=== What to do ===
Even the shortest line counts, so transcribe all the data exactly.
Data in this exercise START
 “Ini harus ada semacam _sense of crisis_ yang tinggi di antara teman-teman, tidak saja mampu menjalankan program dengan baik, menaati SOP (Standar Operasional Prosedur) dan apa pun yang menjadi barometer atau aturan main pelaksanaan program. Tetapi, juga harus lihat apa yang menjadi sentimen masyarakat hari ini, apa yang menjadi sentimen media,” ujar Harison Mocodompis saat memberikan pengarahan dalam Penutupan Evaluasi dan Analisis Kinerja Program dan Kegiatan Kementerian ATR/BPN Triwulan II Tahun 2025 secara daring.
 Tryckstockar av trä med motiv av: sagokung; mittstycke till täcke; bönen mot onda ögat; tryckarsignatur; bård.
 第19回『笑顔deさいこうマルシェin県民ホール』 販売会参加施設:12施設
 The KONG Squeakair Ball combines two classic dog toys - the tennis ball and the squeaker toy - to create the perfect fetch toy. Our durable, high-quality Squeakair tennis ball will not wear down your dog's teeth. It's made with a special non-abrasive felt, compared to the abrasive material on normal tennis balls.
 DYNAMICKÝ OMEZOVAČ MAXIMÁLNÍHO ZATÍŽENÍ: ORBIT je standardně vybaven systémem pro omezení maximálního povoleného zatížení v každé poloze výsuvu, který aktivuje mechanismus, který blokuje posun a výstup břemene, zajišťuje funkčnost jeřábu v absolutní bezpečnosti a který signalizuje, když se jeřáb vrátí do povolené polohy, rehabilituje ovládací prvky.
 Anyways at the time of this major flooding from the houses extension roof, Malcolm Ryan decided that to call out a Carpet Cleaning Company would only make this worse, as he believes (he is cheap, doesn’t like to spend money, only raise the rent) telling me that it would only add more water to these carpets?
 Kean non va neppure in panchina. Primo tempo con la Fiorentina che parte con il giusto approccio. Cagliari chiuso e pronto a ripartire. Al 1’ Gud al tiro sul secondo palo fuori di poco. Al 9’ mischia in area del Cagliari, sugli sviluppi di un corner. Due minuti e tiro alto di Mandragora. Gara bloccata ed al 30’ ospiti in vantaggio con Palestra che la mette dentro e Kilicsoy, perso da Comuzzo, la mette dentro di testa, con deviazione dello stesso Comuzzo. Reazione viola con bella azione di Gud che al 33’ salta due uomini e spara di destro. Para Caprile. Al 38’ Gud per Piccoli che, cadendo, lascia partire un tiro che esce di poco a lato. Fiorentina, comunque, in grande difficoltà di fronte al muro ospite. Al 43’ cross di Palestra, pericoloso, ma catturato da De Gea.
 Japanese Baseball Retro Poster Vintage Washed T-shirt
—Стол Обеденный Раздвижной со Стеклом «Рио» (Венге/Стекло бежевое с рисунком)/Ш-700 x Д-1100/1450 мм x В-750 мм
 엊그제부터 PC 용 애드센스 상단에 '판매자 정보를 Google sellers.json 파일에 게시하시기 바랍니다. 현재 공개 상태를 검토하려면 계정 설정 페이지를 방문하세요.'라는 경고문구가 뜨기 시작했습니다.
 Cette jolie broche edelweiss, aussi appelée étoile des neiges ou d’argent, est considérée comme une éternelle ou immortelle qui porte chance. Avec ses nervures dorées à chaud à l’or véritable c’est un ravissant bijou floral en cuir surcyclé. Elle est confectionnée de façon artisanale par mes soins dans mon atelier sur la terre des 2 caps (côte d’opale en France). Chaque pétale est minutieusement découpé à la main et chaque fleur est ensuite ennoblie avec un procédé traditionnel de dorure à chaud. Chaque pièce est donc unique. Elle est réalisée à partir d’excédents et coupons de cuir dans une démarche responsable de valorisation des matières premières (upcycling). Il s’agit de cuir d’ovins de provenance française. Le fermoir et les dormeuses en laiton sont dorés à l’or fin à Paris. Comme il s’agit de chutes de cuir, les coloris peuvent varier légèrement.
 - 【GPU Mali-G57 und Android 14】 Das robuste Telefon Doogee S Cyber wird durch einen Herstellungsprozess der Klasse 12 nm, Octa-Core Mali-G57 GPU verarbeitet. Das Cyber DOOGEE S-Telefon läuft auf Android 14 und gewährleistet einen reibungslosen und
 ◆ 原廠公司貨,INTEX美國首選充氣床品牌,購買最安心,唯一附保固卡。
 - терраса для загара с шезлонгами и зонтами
Data in this exercise END
=== Exercise answer ===
 “Ini harus ada semacam _sense of crisis_ yang tinggi di antara teman-teman, tidak saja mampu menjalankan program dengan baik, menaati SOP (Standar Operasional Prosedur) dan apa pun yang menjadi barometer atau aturan main pelaksanaan program. Tetapi, juga harus lihat apa yang menjadi sentimen masyarakat hari ini, apa yang menjadi sentimen media,” ujar Harison Mocodompis saat memberikan pengarahan dalam Penutupan Evaluasi dan Analisis Kinerja Program dan Kegiatan Kementerian ATR/BPN Triwulan II Tahun 2025 secara daring.
 Tryckstockar av trä med motiv av: sagokung; mittstycke till täcke; bönen mot onda ögat; tryckarsignatur; bård.
 第19回『笑顔deさいこうマルシェin県民ホール』 販売会参加施設:12施設
 The KONG Squeakair Ball combines two classic dog toys - the tennis ball and the squeaker toy - to create the perfect fetch toy. Our durable, high-quality Squeakair tennis ball will not wear down your dog's teeth. It's made with a special non-abrasive felt, compared to the abrasive material on normal tennis balls.
 DYNAMICKÝ OMEZOVAČ MAXIMÁLNÍHO ZATÍŽENÍ: ORBIT je standardně vybaven systémem pro omezení maximálního povoleného zatížení v každé poloze výsuvu, který aktivuje mechanismus, který blokuje posun a výstup břemene, zajišťuje funkčnost jeřábu v absolutní bezpečnosti a který signalizuje, když se jeřáb vrátí do povolené polohy, rehabilituje ovládací prvky.
 Anyways at the time of this major flooding from the houses extension roof, Malcolm Ryan decided that to call out a Carpet Cleaning Company would only make this worse, as he believes (he is cheap, doesn’t like to spend money, only raise the rent) telling me that it would only add more water to these carpets?
 Kean non va neppure in panchina. Primo tempo con la Fiorentina che parte con il giusto approccio. Cagliari chiuso e pronto a ripartire. Al 1’ Gud al tiro sul secondo palo fuori di poco. Al 9’ mischia in area del Cagliari, sugli sviluppi di un corner. Due minuti e tiro alto di Mandragora. Gara bloccata ed al 30’ ospiti in vantaggio con Palestra che la mette dentro e Kilicsoy, perso da Comuzzo, la mette dentro di testa, con deviazione dello stesso Comuzzo. Reazione viola con bella azione di Gud che al 33’ salta due uomini e spara di destro. Para Caprile. Al 38’ Gud per Piccoli che, cadendo, lascia partire un tiro che esce di poco a lato. Fiorentina, comunque, in grande difficoltà di fronte al muro ospite. Al 43’ cross di Palestra, pericoloso, ma catturato da De Gea.
 Japanese Baseball Retro Poster Vintage Washed T-shirt
—Стол Обеденный Раздвижной со Стеклом «Рио» (Венге/Стекло бежевое с рисунком)/Ш-700 x Д-1100/1450 мм x В-750 мм
 엊그제부터 PC 용 애드센스 상단에 '판매자 정보를 Google sellers.json 파일에 게시하시기 바랍니다. 현재 공개 상태를 검토하려면 계정 설정 페이지를 방문하세요.'라는 경고문구가 뜨기 시작했습니다.
 Cette jolie broche edelweiss, aussi appelée étoile des neiges ou d’argent, est considérée comme une éternelle ou immortelle qui porte chance. Avec ses nervures dorées à chaud à l’or véritable c’est un ravissant bijou floral en cuir surcyclé. Elle est confectionnée de façon artisanale par mes soins dans mon atelier sur la terre des 2 caps (côte d’opale en France). Chaque pétale est minutieusement découpé à la main et chaque fleur est ensuite ennoblie avec un procédé traditionnel de dorure à chaud. Chaque pièce est donc unique. Elle est réalisée à partir d’excédents et coupons de cuir dans une démarche responsable de valorisation des matières premières (upcycling). Il s’agit de cuir d’ovins de provenance française. Le fermoir et les dormeuses en laiton sont dorés à l’or fin à Paris. Comme il s’agit de chutes de cuir, les coloris peuvent varier légèrement.
 - 【GPU Mali-G57 und Android 14】 Das robuste Telefon Doogee S Cyber wird durch einen Herstellungsprozess der Klasse 12 nm, Octa-Core Mali-G57 GPU verarbeitet. Das Cyber DOOGEE S-Telefon läuft auf Android 14 und gewährleistet einen reibungslosen und
 ◆ 原廠公司貨,INTEX美國首選充氣床品牌,購買最安心,唯一附保固卡。
 - терраса для загара с шезлонгами и зонтами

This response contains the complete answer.